**Task goal**
Print the listing below verbatim, passing over each picture.
═══
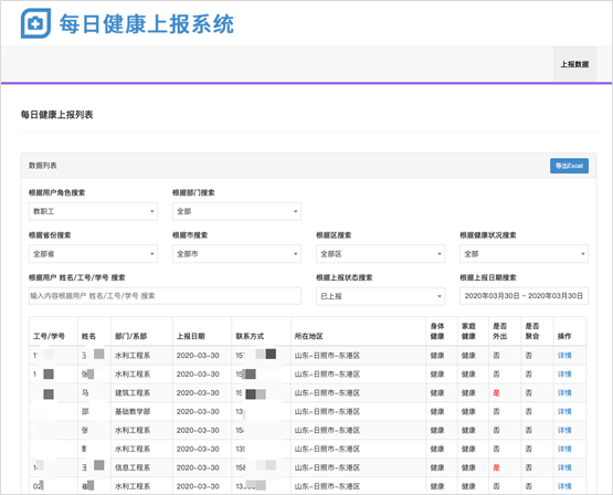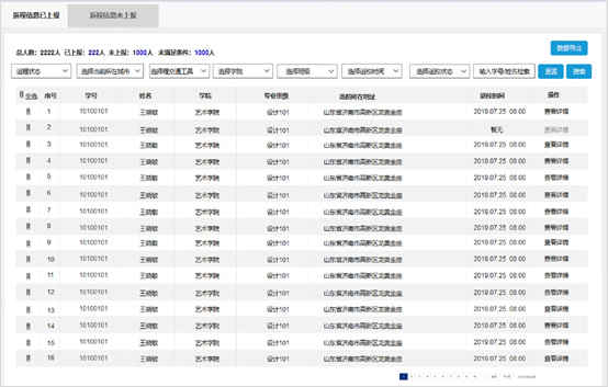 学生返校行程上报系统。收集学生拟定返校时间、地点、交通工具、航班、车次等行程大数据,便于学校安排返校批次,按系部、年级、地区精准控制。
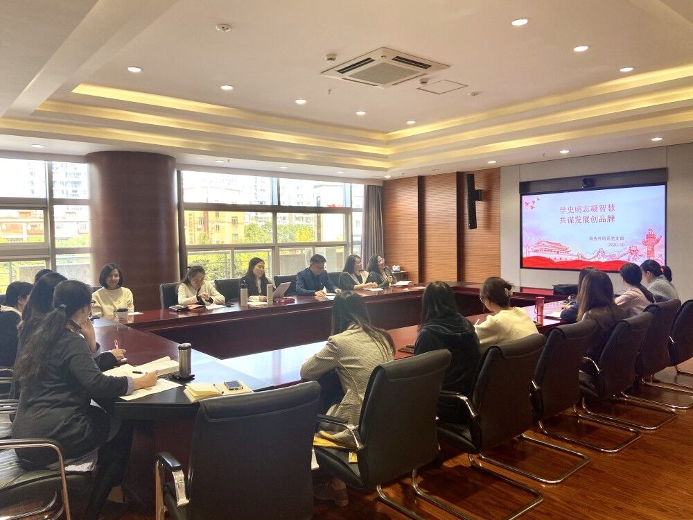 10月23日,商务外语系在1304召开了“学史明志凝智慧·共谋发展创品牌”专题会议,此次会议由外语系党支部书记杨晓霞主持,黄群院长、外语系全体党员教师、民主党派代表、教师代表出席。
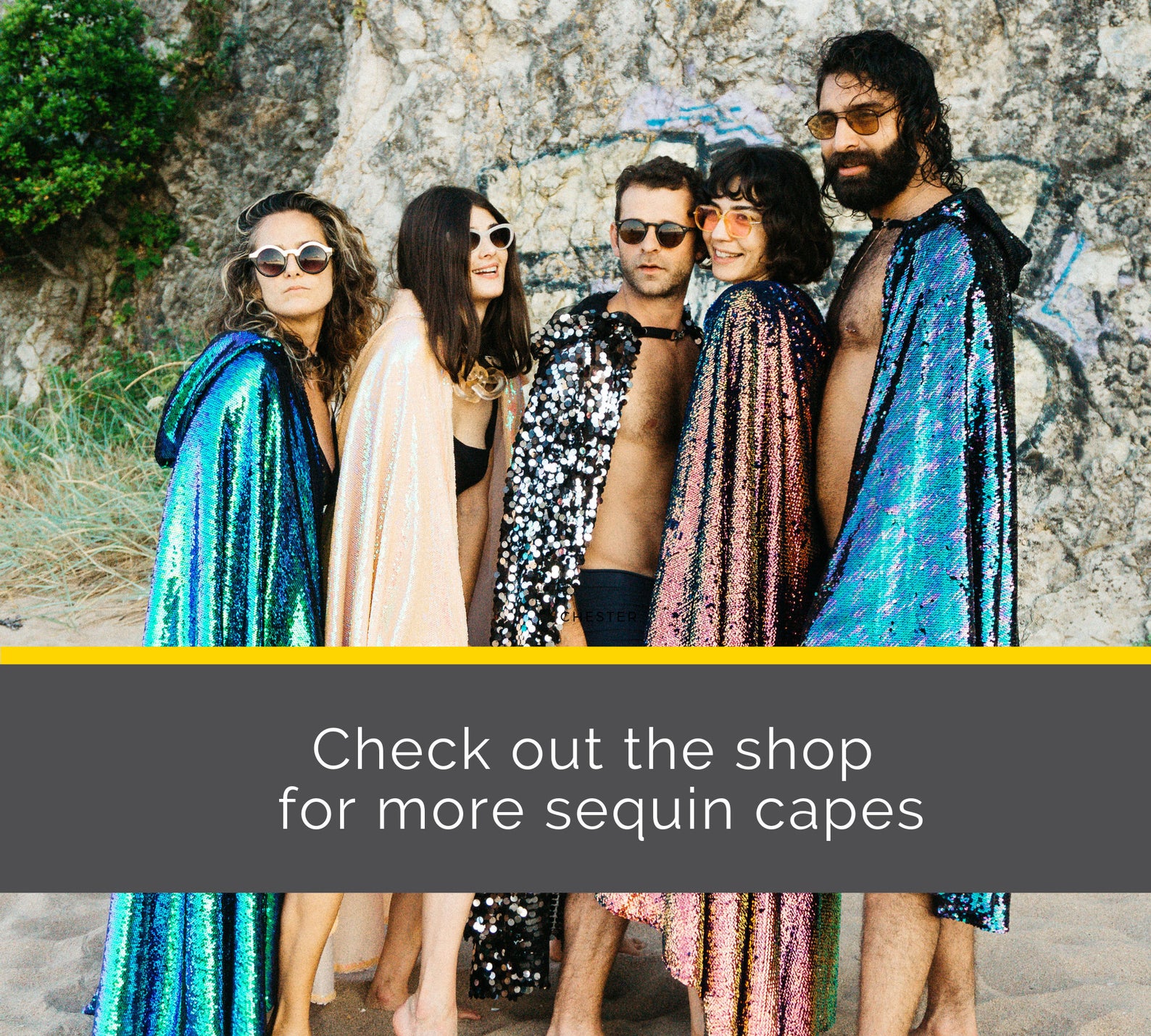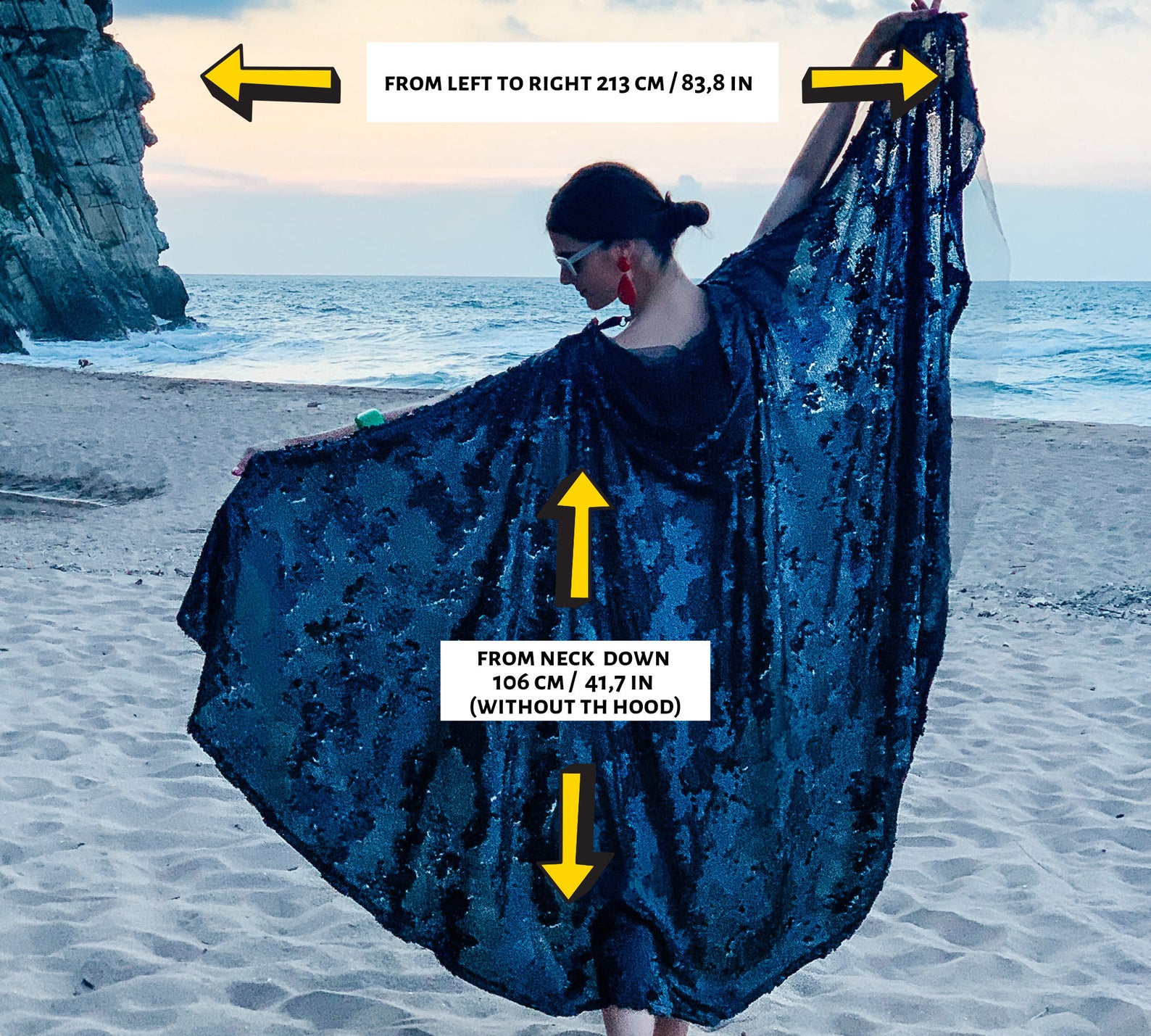 Dieses sexy Pailletten-Cape mit Kapuze ist für alle Schwarz-Liebhaber. Lasse Dich von seinem Funkeln blenden und deine Stimmung wird automatisch steigen!
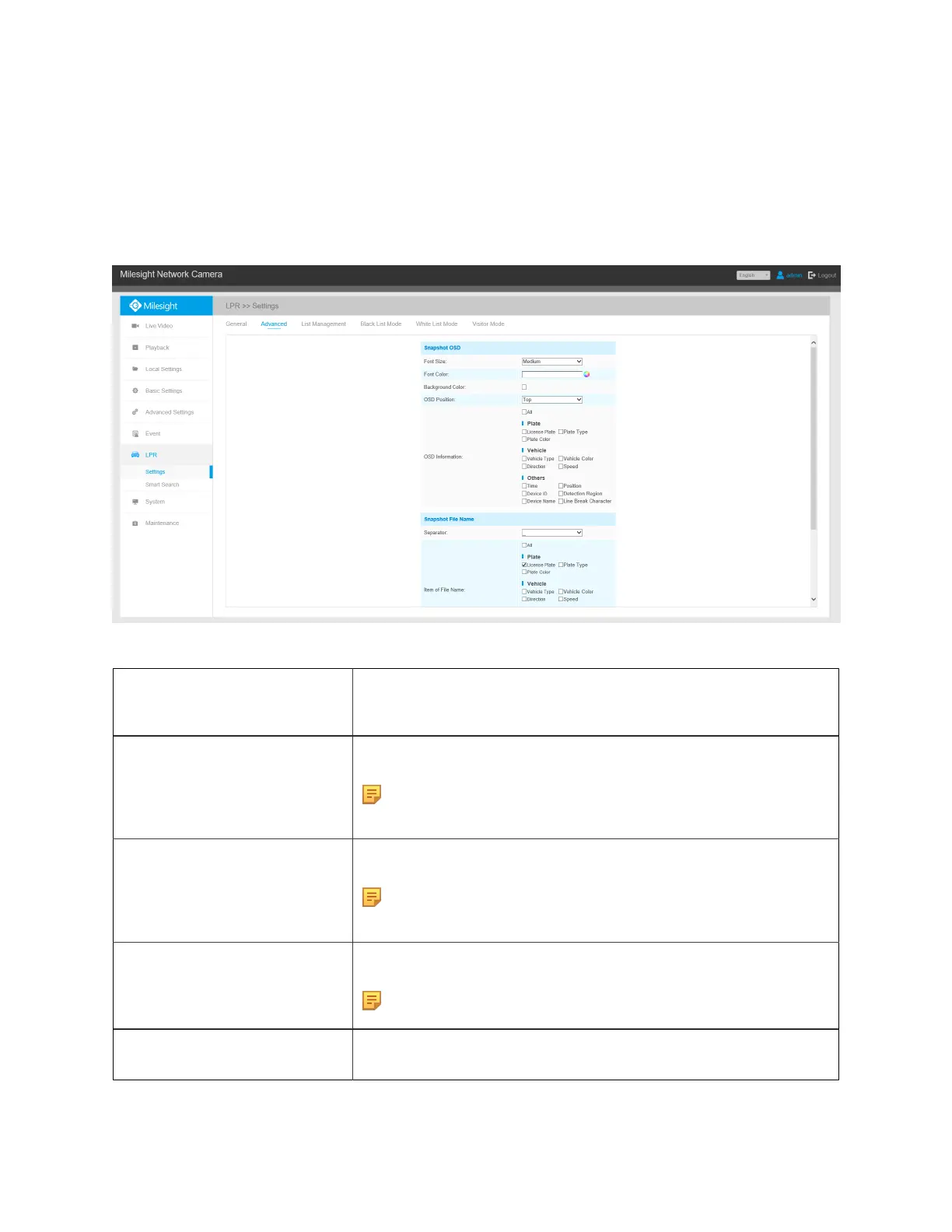 In the interface, you can set display information on snapshot of license plate recognition, and also
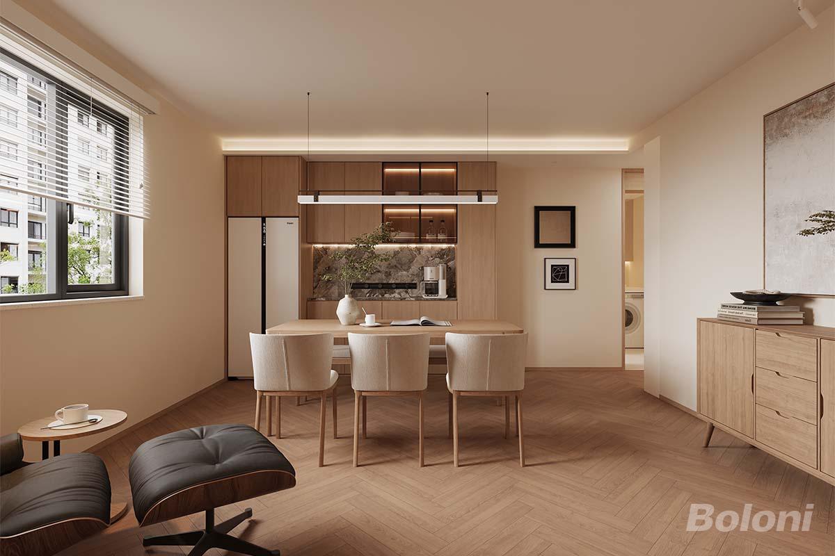 客厅正面做了一组餐边柜,嵌入冰箱,增加了操作空间,解决了厨房空间太小的问题。整体地面采用人字拼地板的设计,与整体原木风相呼应。
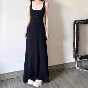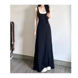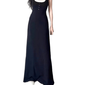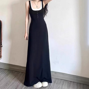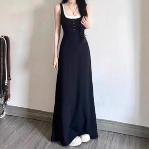 黒のロングスカート偽ツーピースヘップバーンスタイルリトルブラックドレスプラセンタフレンチ年齢軽減痩身サスペンダードレス女性の夏服
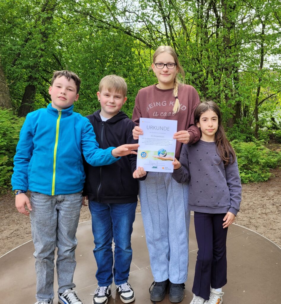So lautet der Dank des Oberbürgermeisters, Jürgen Kroogmann, auf der Urkunde, die die Schulen  für ihren Einsatz erhalten haben. Insgesamt sind über 15 Tonnen Müll am Aktionstag aufgesammelt und entsorgt worden! Tatkräftig unterstützt haben die 10 Klassen der Jahrgänge 5 und 6 der IGS Kreyenbrück.
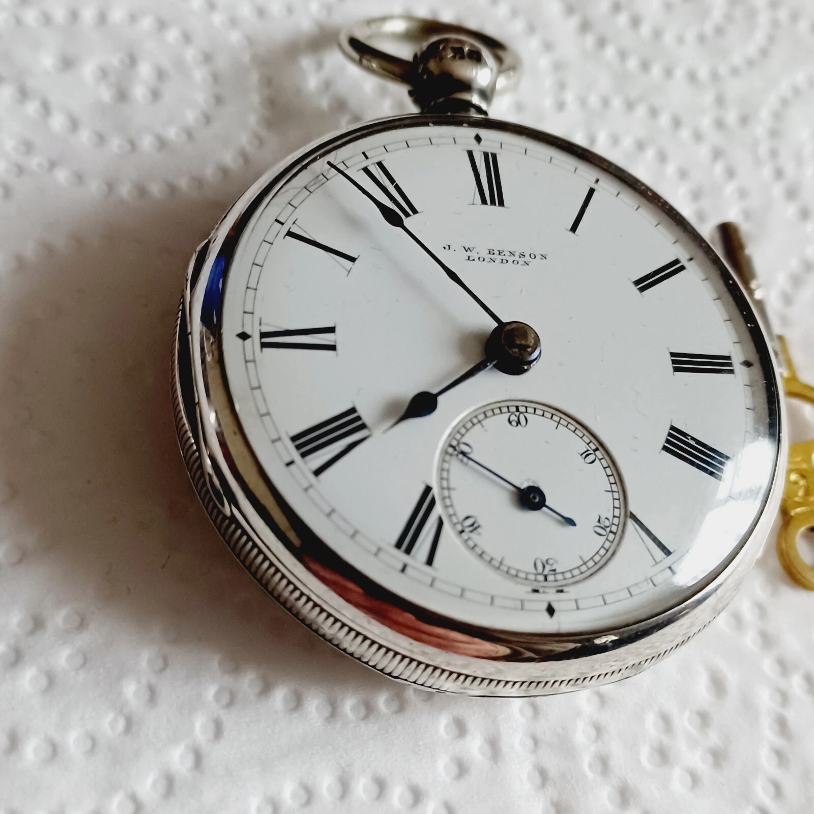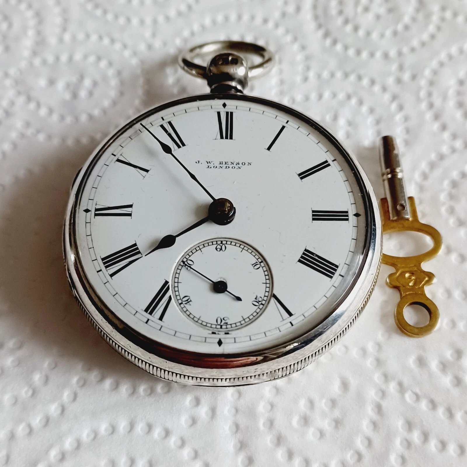 Jw Benson Silver Fusee Pocket Watch Good Working Order
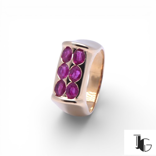 Or jaune 750/1000, 6 rubis ovales pour environ 1.50 carat au total sertis masse, poids total du bijou 6 grammes.
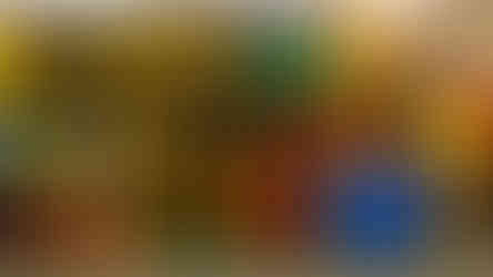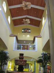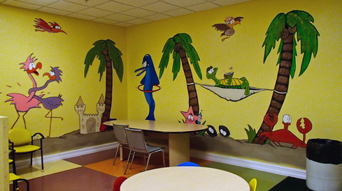 A huge beautiful mural toward the back of the lobby area heading out to the pool
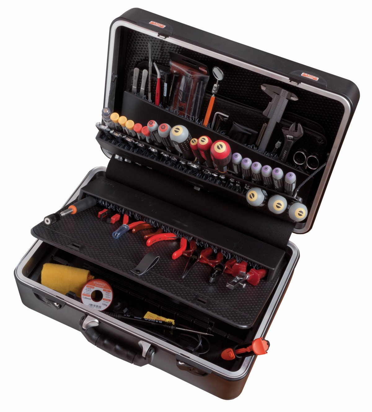 - Maleta rígida con un juego de herramientas para trabajos en electrónica.
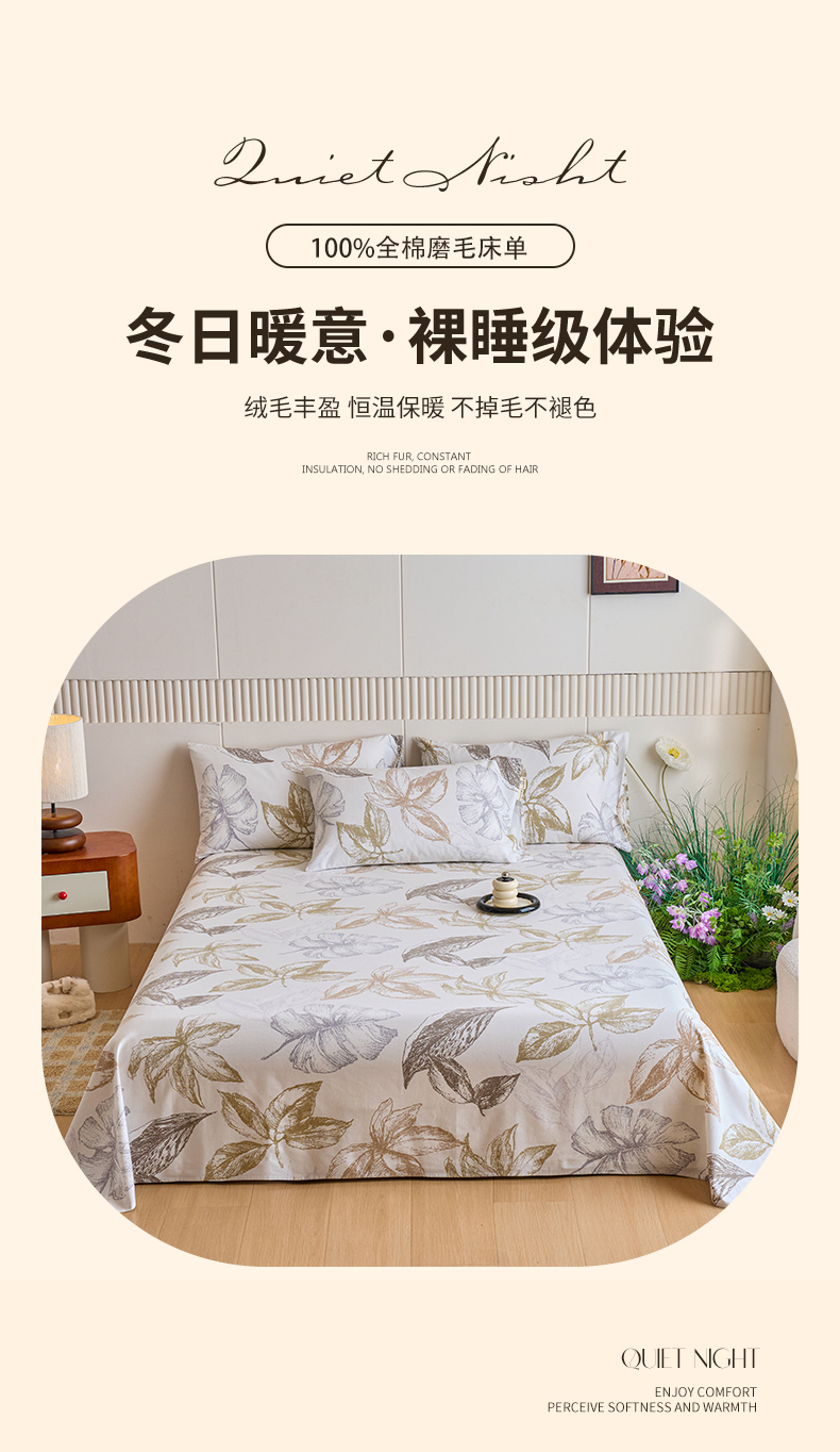 商品名称:春皖家纺 2025新款原棉磨毛单床单 床单单件-风格一留香
═══
**Answer below**
 学生返校行程上报系统。收集学生拟定返校时间、地点、交通工具、航班、车次等行程大数据,便于学校安排返校批次,按系部、年级、地区精准控制。
 10月23日,商务外语系在1304召开了“学史明志凝智慧·共谋发展创品牌”专题会议,此次会议由外语系党支部书记杨晓霞主持,黄群院长、外语系全体党员教师、民主党派代表、教师代表出席。
 Dieses sexy Pailletten-Cape mit Kapuze ist für alle Schwarz-Liebhaber. Lasse Dich von seinem Funkeln blenden und deine Stimmung wird automatisch steigen!
 In the interface, you can set display information on snapshot of license plate recognition, and also
 客厅正面做了一组餐边柜,嵌入冰箱,增加了操作空间,解决了厨房空间太小的问题。整体地面采用人字拼地板的设计,与整体原木风相呼应。
 黒のロングスカート偽ツーピースヘップバーンスタイルリトルブラックドレスプラセンタフレンチ年齢軽減痩身サスペンダードレス女性の夏服
So lautet der Dank des Oberbürgermeisters, Jürgen Kroogmann, auf der Urkunde, die die Schulen  für ihren Einsatz erhalten haben. Insgesamt sind über 15 Tonnen Müll am Aktionstag aufgesammelt und entsorgt worden! Tatkräftig unterstützt haben die 10 Klassen der Jahrgänge 5 und 6 der IGS Kreyenbrück.
 Jw Benson Silver Fusee Pocket Watch Good Working Order
 Or jaune 750/1000, 6 rubis ovales pour environ 1.50 carat au total sertis masse, poids total du bijou 6 grammes.
 A huge beautiful mural toward the back of the lobby area heading out to the pool
 - Maleta rígida con un juego de herramientas para trabajos en electrónica.
 商品名称:春皖家纺 2025新款原棉磨毛单床单 床单单件-风格一留香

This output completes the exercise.